*WHAT THE EXERCISE ASKS*:
Although pictures appear in the data, the answer should contain only the lines from its start through the line with "(서울=포커스뉴스) 11일 오전", written out exactly.

[Data records]
————
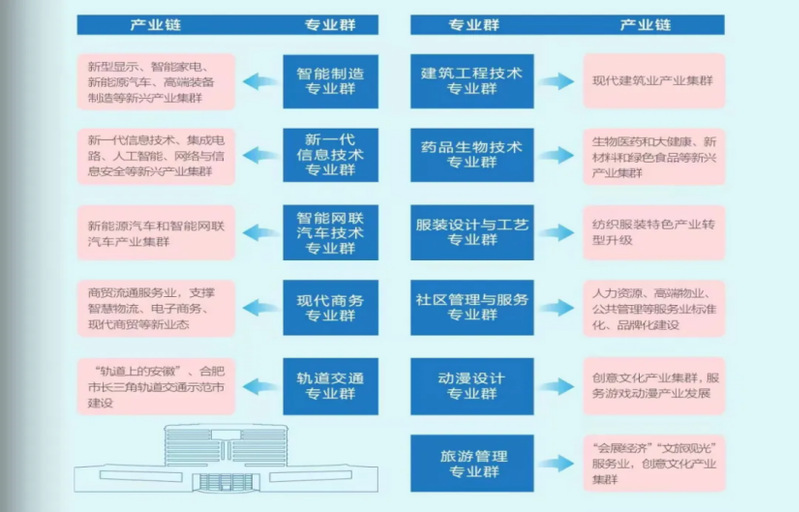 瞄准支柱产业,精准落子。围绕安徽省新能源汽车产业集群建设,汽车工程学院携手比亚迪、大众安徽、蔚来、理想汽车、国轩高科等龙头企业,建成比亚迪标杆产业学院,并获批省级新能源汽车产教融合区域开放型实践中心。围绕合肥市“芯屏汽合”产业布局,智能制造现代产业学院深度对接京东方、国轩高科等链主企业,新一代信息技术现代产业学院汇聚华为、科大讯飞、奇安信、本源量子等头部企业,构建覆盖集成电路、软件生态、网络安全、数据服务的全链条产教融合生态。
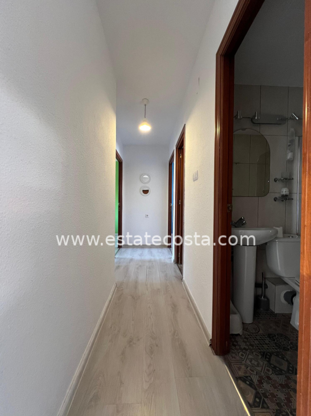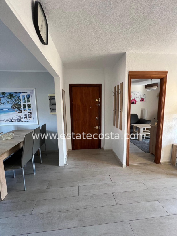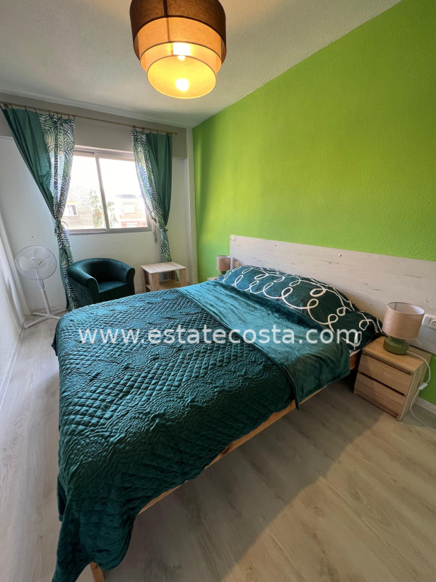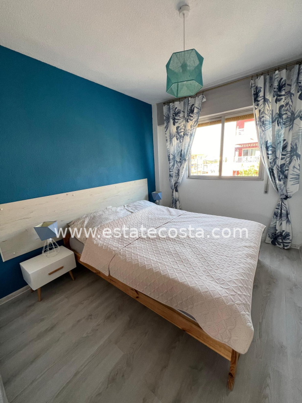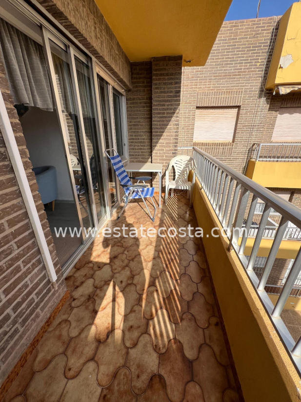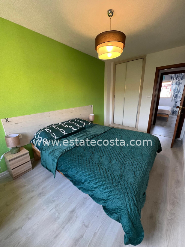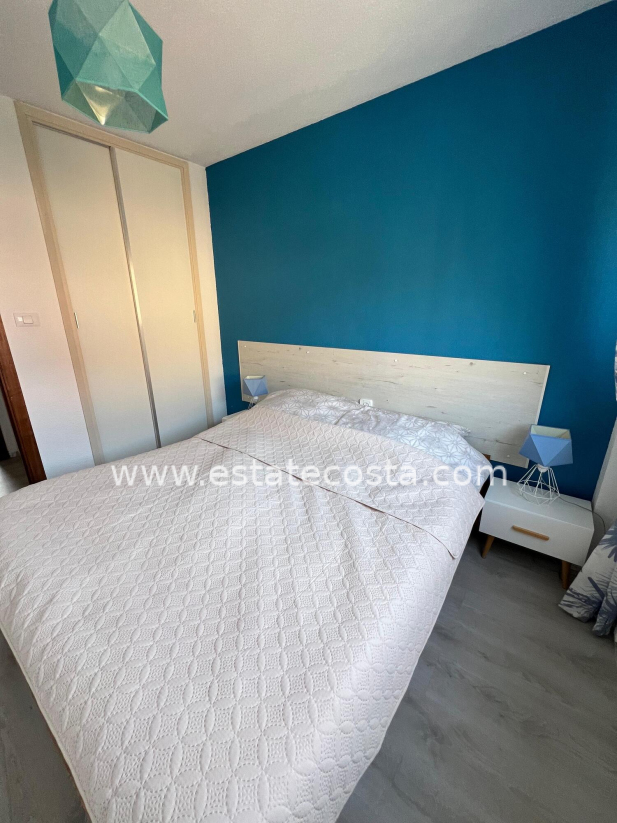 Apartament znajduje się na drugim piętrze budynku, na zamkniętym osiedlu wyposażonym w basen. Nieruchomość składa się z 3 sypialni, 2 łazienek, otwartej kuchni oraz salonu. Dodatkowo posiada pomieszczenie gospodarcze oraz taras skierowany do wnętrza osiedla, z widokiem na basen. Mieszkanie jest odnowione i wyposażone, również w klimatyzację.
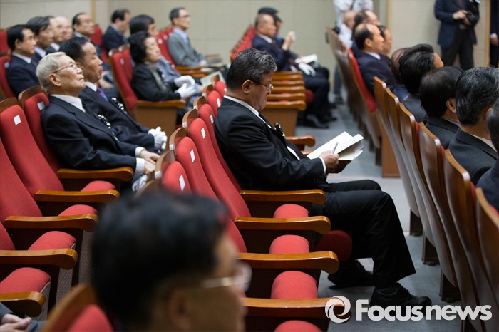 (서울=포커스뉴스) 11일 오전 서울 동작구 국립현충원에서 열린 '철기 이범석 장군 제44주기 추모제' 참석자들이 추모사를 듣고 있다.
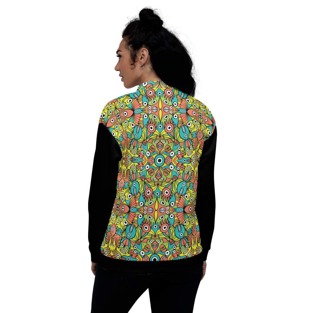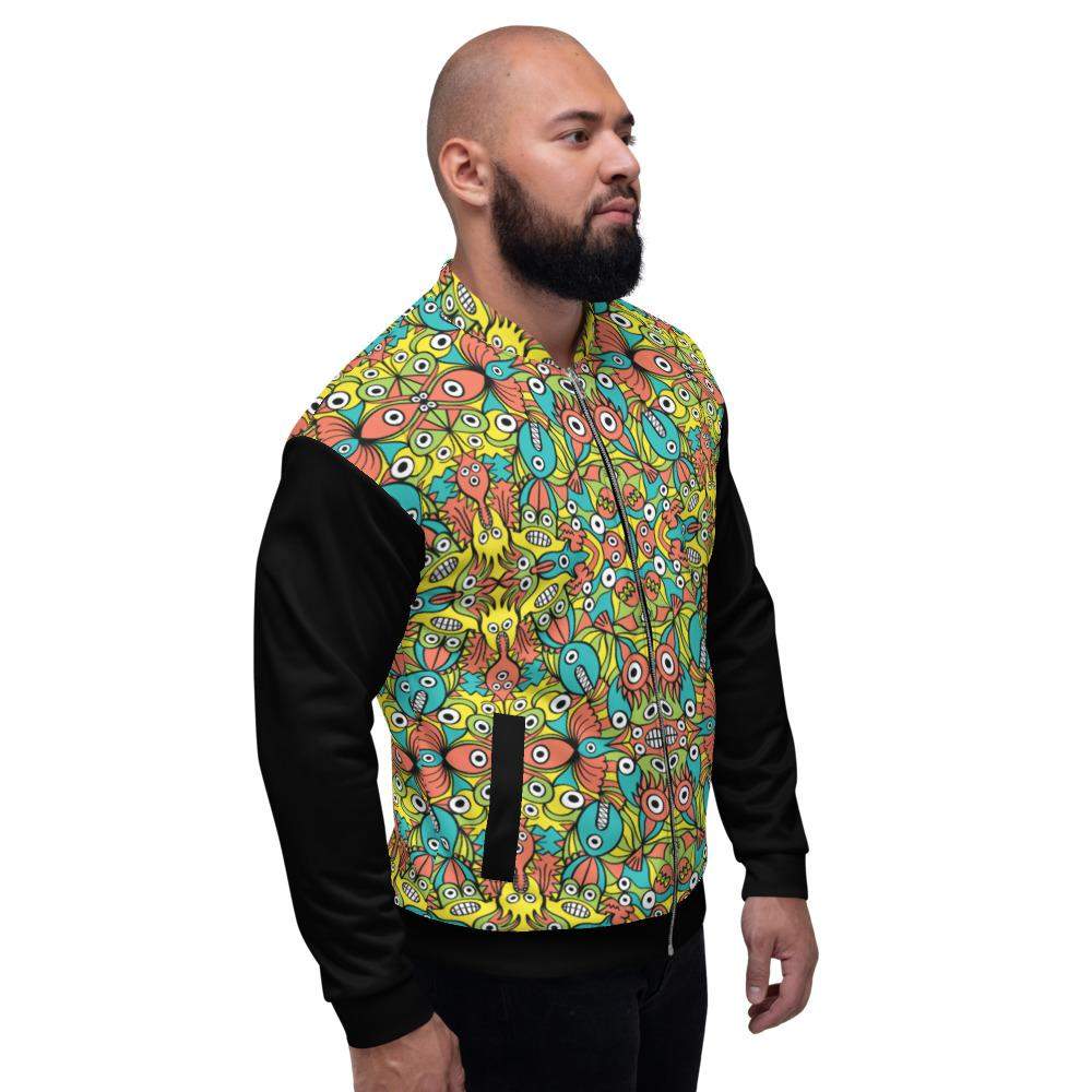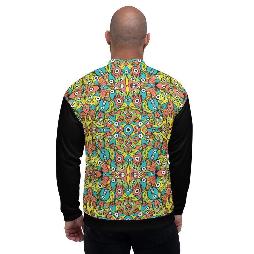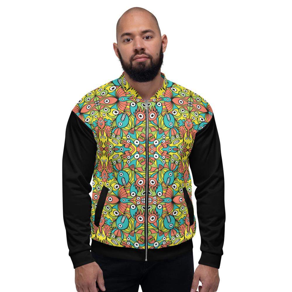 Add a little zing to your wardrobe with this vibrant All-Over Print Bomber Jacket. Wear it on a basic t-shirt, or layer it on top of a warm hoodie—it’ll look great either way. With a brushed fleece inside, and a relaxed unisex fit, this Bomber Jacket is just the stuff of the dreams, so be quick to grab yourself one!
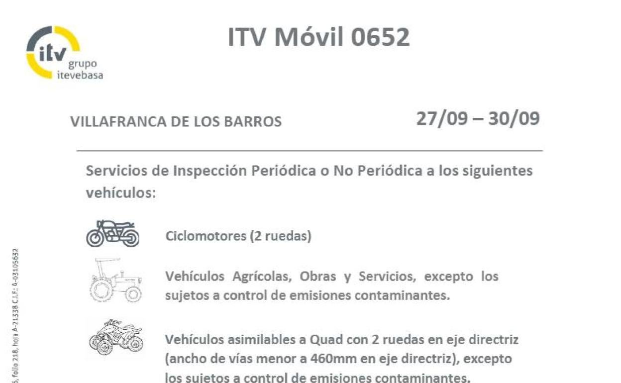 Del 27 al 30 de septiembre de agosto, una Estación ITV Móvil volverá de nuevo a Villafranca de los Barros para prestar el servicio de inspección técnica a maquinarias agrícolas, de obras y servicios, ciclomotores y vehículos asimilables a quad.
————
*RESULT*:
 瞄准支柱产业,精准落子。围绕安徽省新能源汽车产业集群建设,汽车工程学院携手比亚迪、大众安徽、蔚来、理想汽车、国轩高科等龙头企业,建成比亚迪标杆产业学院,并获批省级新能源汽车产教融合区域开放型实践中心。围绕合肥市“芯屏汽合”产业布局,智能制造现代产业学院深度对接京东方、国轩高科等链主企业,新一代信息技术现代产业学院汇聚华为、科大讯飞、奇安信、本源量子等头部企业,构建覆盖集成电路、软件生态、网络安全、数据服务的全链条产教融合生态。
 Apartament znajduje się na drugim piętrze budynku, na zamkniętym osiedlu wyposażonym w basen. Nieruchomość składa się z 3 sypialni, 2 łazienek, otwartej kuchni oraz salonu. Dodatkowo posiada pomieszczenie gospodarcze oraz taras skierowany do wnętrza osiedla, z widokiem na basen. Mieszkanie jest odnowione i wyposażone, również w klimatyzację.
 (서울=포커스뉴스) 11일 오전 서울 동작구 국립현충원에서 열린 '철기 이범석 장군 제44주기 추모제' 참석자들이 추모사를 듣고 있다.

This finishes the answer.